YOUR GOAL: With the images removed, transcribe the listing that follows exactly.

AVAILABLE DATA:
[Start of Attachment]

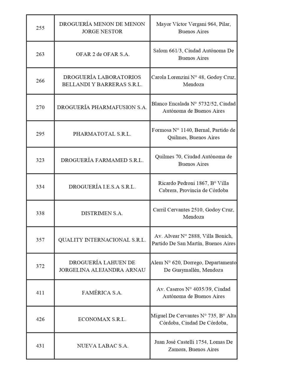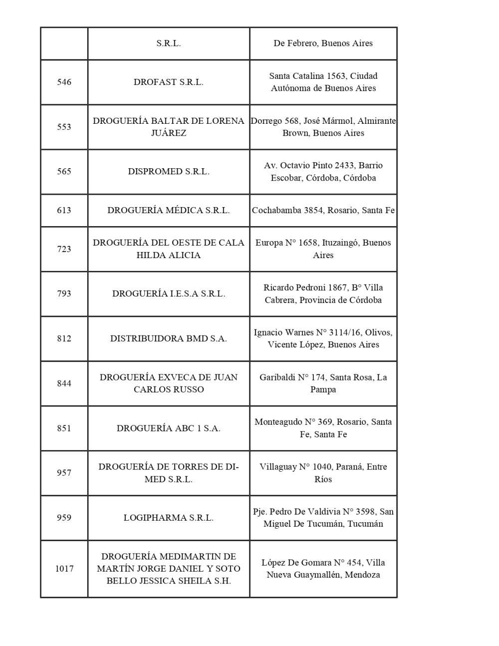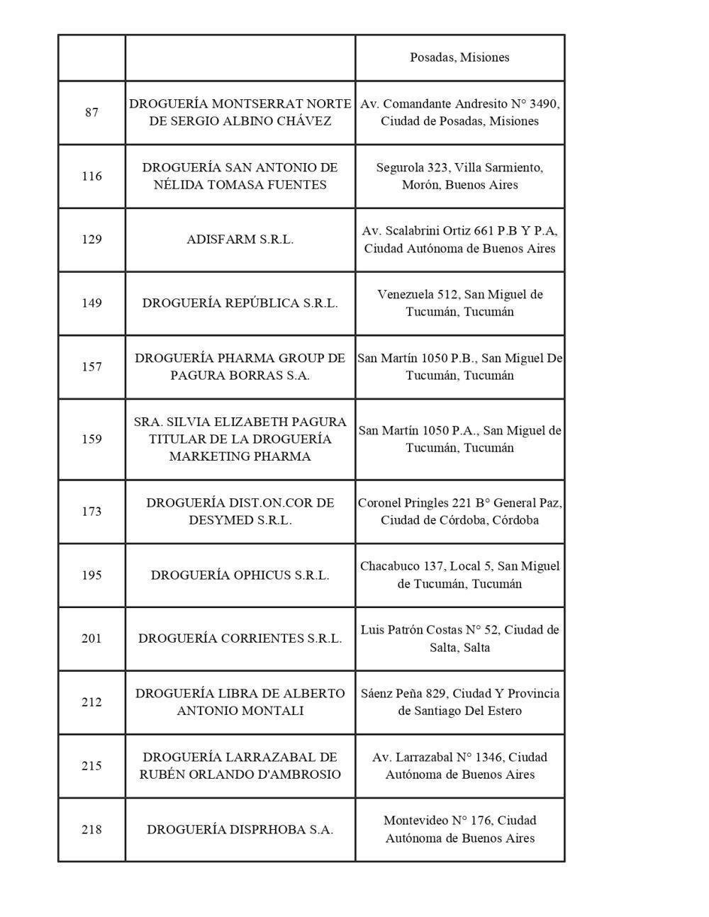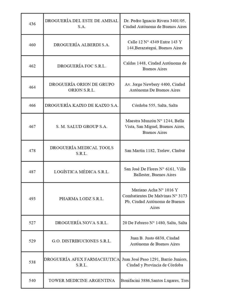 La lista completa de droguerías alcanzadas por la medida:
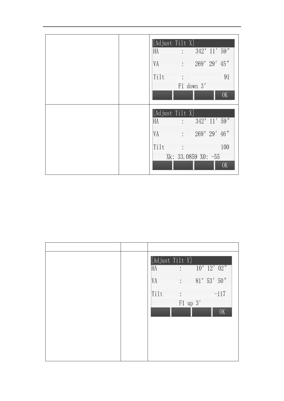 In Tools Menu, choose “1 Adjust”, and then press [F4] to enter “Adjust Tilt Y”.
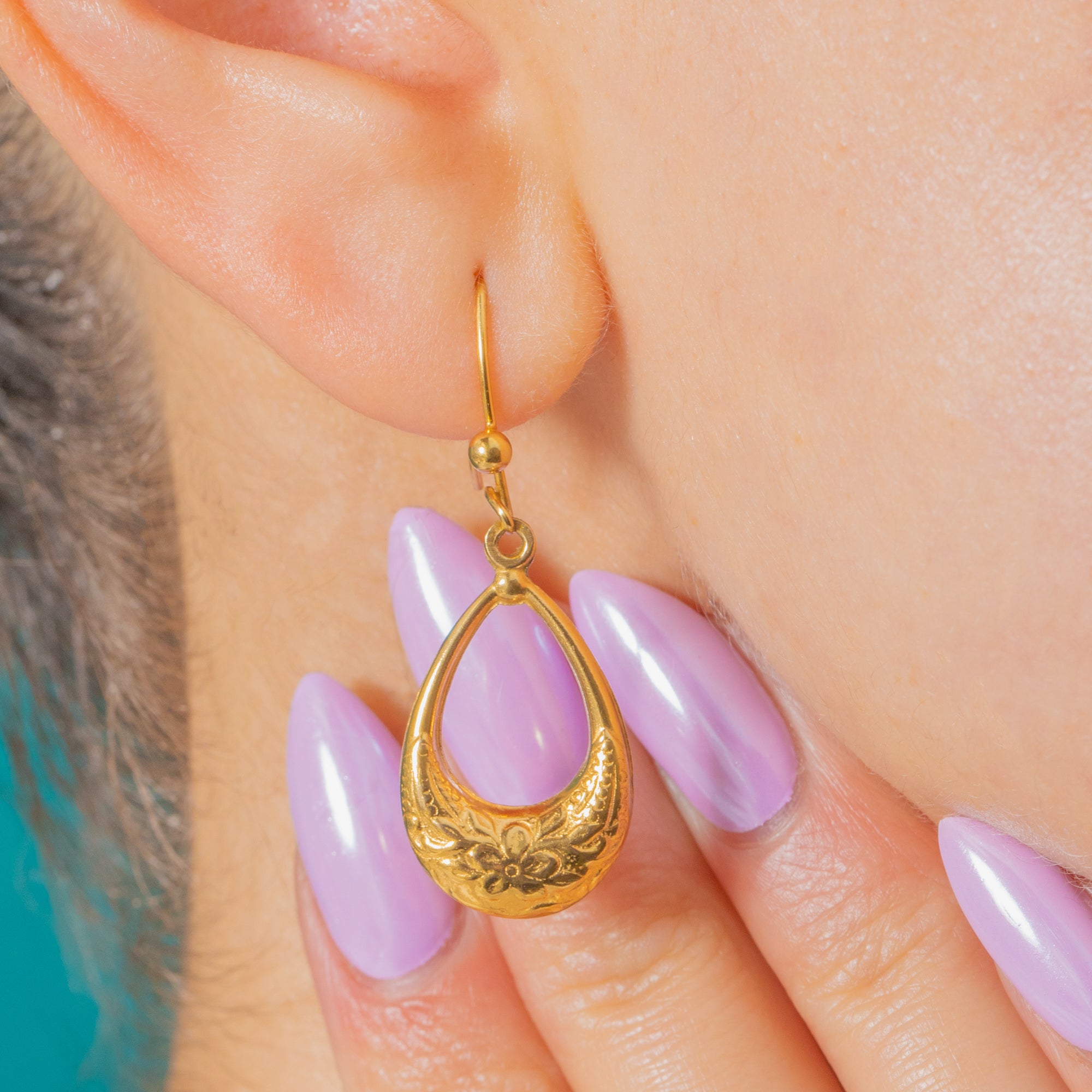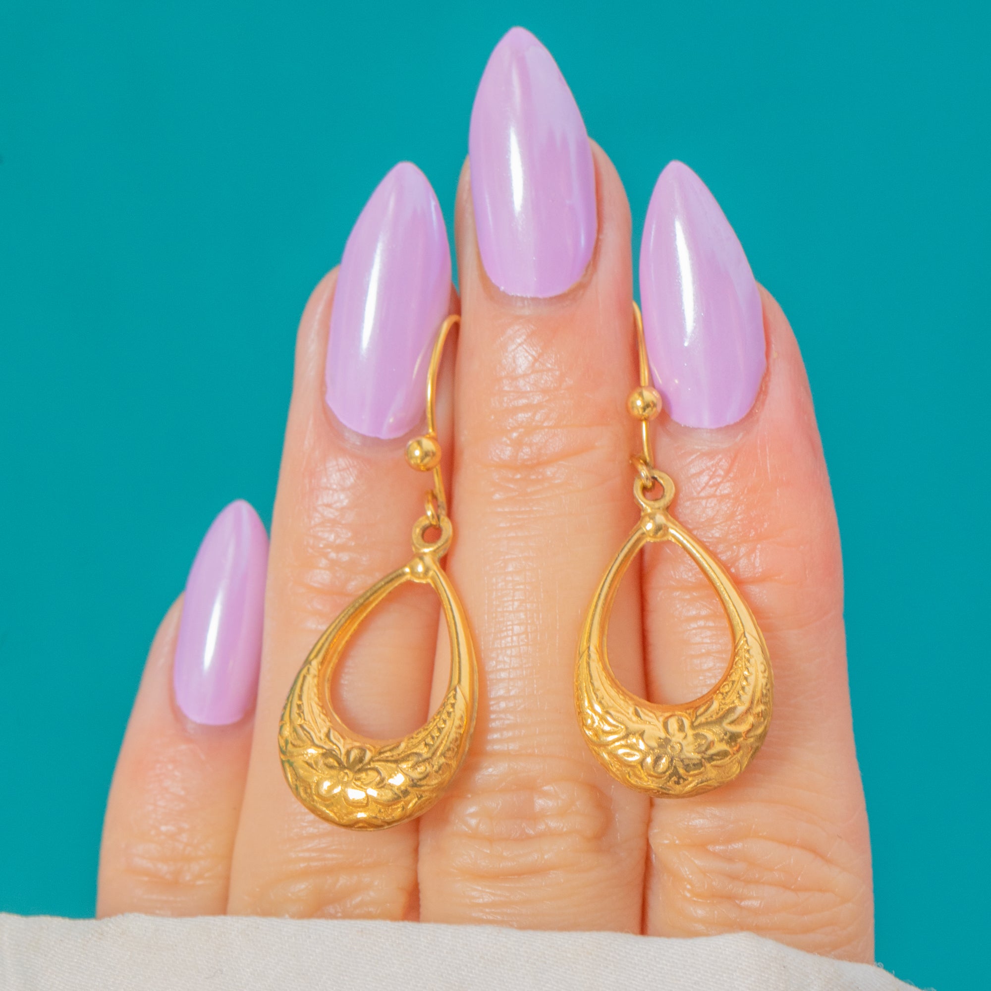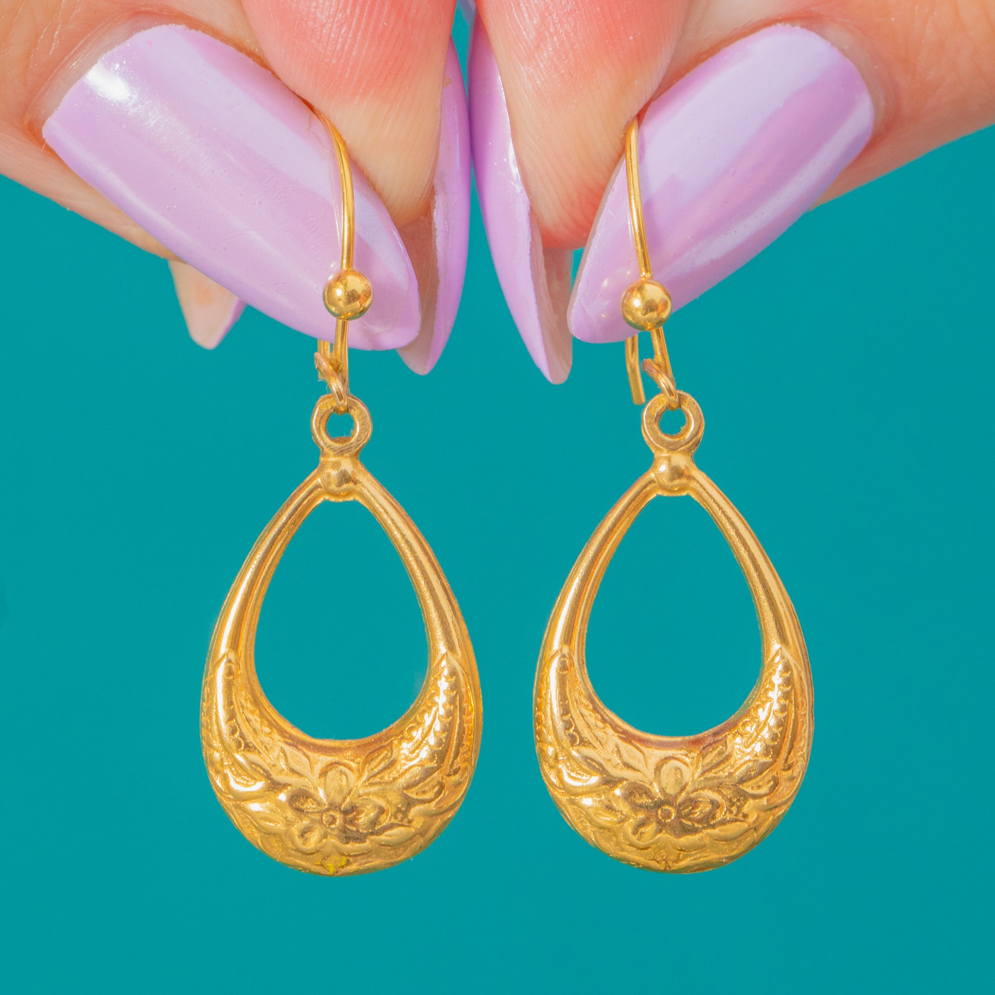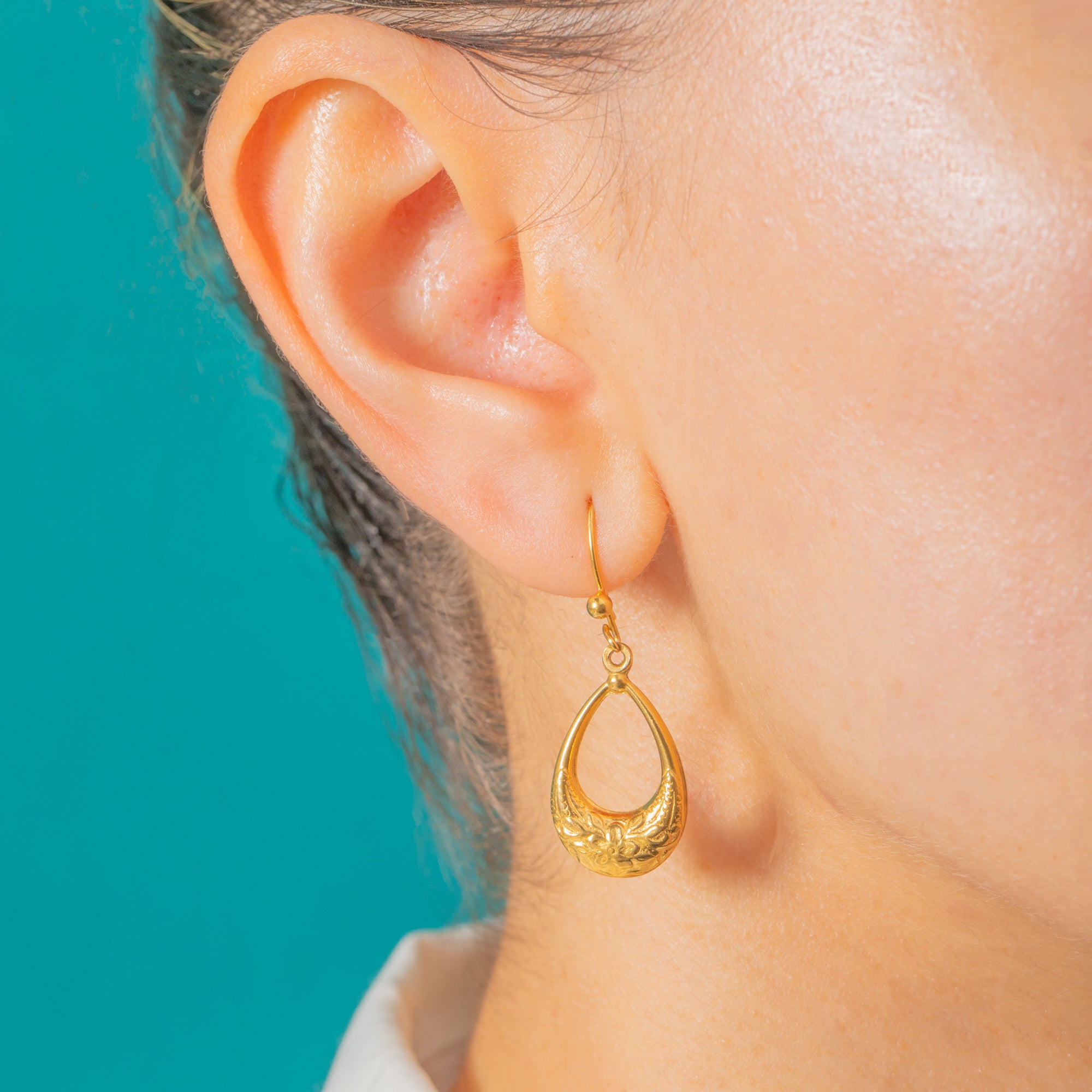 Bright 9ct Gold Floral Engraved Open Drop Earrings
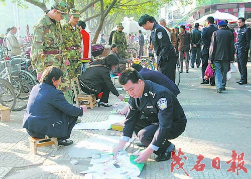 前天,市公安局领导作客“行风热线”时接到群众来电反映,市区河西红旗市场周边不少商贩摆卖“六合彩”资料,吸引大量“彩迷”围观、传播“六合彩”赌博信息,影响了交通,影响市场的正常经营。对群众反映的问题,市公安局领导非常重视,在下线的当天下午,专门召集了有关部门商讨解决的办法,并于昨天组成了联合执法队对此进行清理。昨天上午9时许,记者随执法人员来到这里,见到一些商贩正在叫卖“六合彩”资料。见到执法人员,商贩们一哄而散,执法人员快速出击,一举抓获10名非法出售“六合彩”资料商贩,缴获“六合彩”资料589份。并把抓获的人员带回派出所处理。

[End of Attachment]

RESULT:
 La lista completa de droguerías alcanzadas por la medida:
 In Tools Menu, choose “1 Adjust”, and then press [F4] to enter “Adjust Tilt Y”.
 Bright 9ct Gold Floral Engraved Open Drop Earrings
 前天,市公安局领导作客“行风热线”时接到群众来电反映,市区河西红旗市场周边不少商贩摆卖“六合彩”资料,吸引大量“彩迷”围观、传播“六合彩”赌博信息,影响了交通,影响市场的正常经营。对群众反映的问题,市公安局领导非常重视,在下线的当天下午,专门召集了有关部门商讨解决的办法,并于昨天组成了联合执法队对此进行清理。昨天上午9时许,记者随执法人员来到这里,见到一些商贩正在叫卖“六合彩”资料。见到执法人员,商贩们一哄而散,执法人员快速出击,一举抓获10名非法出售“六合彩”资料商贩,缴获“六合彩”资料589份。并把抓获的人员带回派出所处理。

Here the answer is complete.